Source code for empulse.metrics.max_profit

import numpy as np
from numpy.typing import ArrayLike

from ._cy_convex_hull import convex_hull



[docs]
def max_profit_score(
    y_true: ArrayLike,
    y_score: ArrayLike,
    *,
    tp_benefit: float = 0.0,
    tn_benefit: float = 0.0,
    fn_cost: float = 0.0,
    fp_cost: float = 0.0,
) -> float:
    """
    :func:`~empulse.metrics.max_profit()` but only returning the MP score.

    .. seealso::
        :func:`~empulse.metrics.max_profit` : To also return the threshold at which the maximum profit is achieved.
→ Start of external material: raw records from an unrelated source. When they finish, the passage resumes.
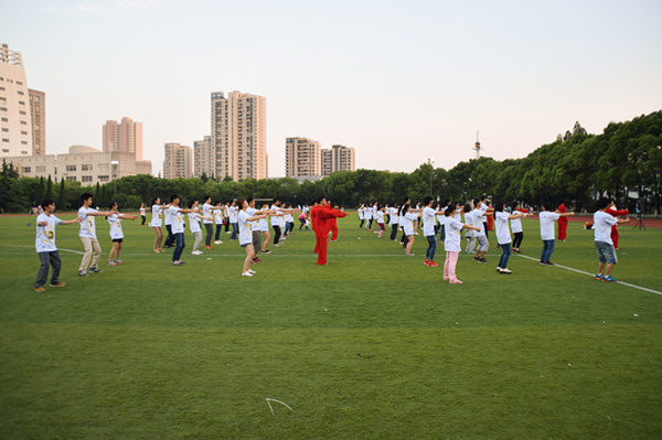 與此同時,在西校區運動場上,由專業隊員帶領的太極操也集體開場:他們神采奕奕,英姿颯爽;他們步伐穩健,動作標準;他們剛勁有力,心隨拳走。同學們矯健的身影,穩健的步伐,優美的動作吸引了很多觀眾的駐足觀看。當被問及此次活動的意義何在時,小管同學這樣說道:“首先,我認為這是一個鍛煉身體的好機會。平時一直坐在位子上,很容易生病,有機會出來運動運動是非常好的。同時我也認為此次活動有利于全民健身。”一招一式,動靜結合,剛柔并濟,同學們在領略太極獨特魅力的同時,也抓住到了運動的精髓。
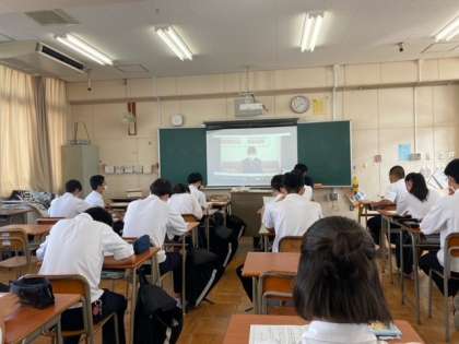 6時間目には、第4期生徒会役員選挙の演説と投票をオンラインで行いました。桃中の全員に関わる大切な選挙ということもあり、全員が立候補者と応援演説者の話を真剣に聞いていました。
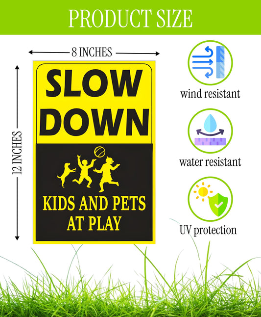 6 Pack 8x12 inch Double Sided Please Slow Down Kids and Pets at Play Yard Plastic Signs with Metal Wire H-Stakes - Drive Like Your Kids Live Here Sign - Children At Play Safety signs for Street Sign

        :func:`~empulse.metrics.Metric` : To create a stochastic version of the maximum profit.

    Parameters
    ----------
    y_true : 1D array-like, shape=(n_samples,)
        Binary target values ('positive': 1, 'negative': 0).

    y_score : 1D array-like, shape=(n_samples,)
        Target scores, can either be probability estimates or non-thresholded decision values.

    tp_benefit : float, default=0.0
        Benefit attributed to true positive predictions.

    tn_benefit : float, default=0.0
        Benefit attributed to true negative predictions.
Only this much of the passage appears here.